→ **Records for this task**

▼

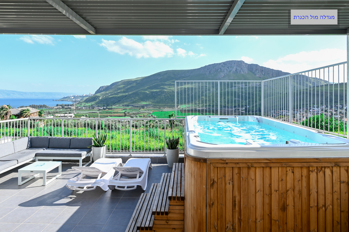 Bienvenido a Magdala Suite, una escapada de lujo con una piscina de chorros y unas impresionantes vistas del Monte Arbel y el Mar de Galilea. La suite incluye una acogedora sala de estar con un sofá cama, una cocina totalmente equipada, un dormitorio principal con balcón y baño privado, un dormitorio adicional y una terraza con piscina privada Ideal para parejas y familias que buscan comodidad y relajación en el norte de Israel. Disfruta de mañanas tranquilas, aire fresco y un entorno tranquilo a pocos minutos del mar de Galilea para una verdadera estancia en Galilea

▲
▼

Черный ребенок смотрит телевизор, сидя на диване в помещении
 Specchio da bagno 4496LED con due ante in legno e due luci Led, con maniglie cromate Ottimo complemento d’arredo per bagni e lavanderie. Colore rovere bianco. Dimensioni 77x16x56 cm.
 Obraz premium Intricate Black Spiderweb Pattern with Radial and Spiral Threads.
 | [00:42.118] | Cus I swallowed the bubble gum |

▲
▼

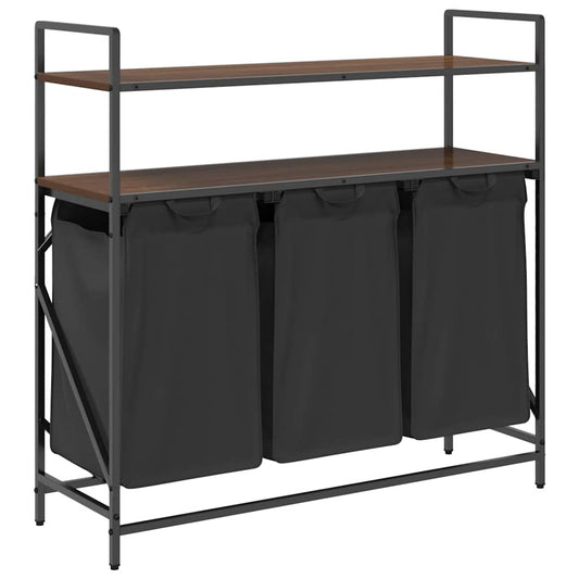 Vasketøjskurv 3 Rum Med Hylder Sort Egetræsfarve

▲

→ **Your objective**
In the data above, find the line with "Черный ребенок смотрит" and the line with "bubble gum |". Retype both, plus every line between them, exactly.

→ **Response area**
Черный ребенок смотрит телевизор, сидя на диване в помещении
 Specchio da bagno 4496LED con due ante in legno e due luci Led, con maniglie cromate Ottimo complemento d’arredo per bagni e lavanderie. Colore rovere bianco. Dimensioni 77x16x56 cm.
 Obraz premium Intricate Black Spiderweb Pattern with Radial and Spiral Threads.
 | [00:42.118] | Cus I swallowed the bubble gum |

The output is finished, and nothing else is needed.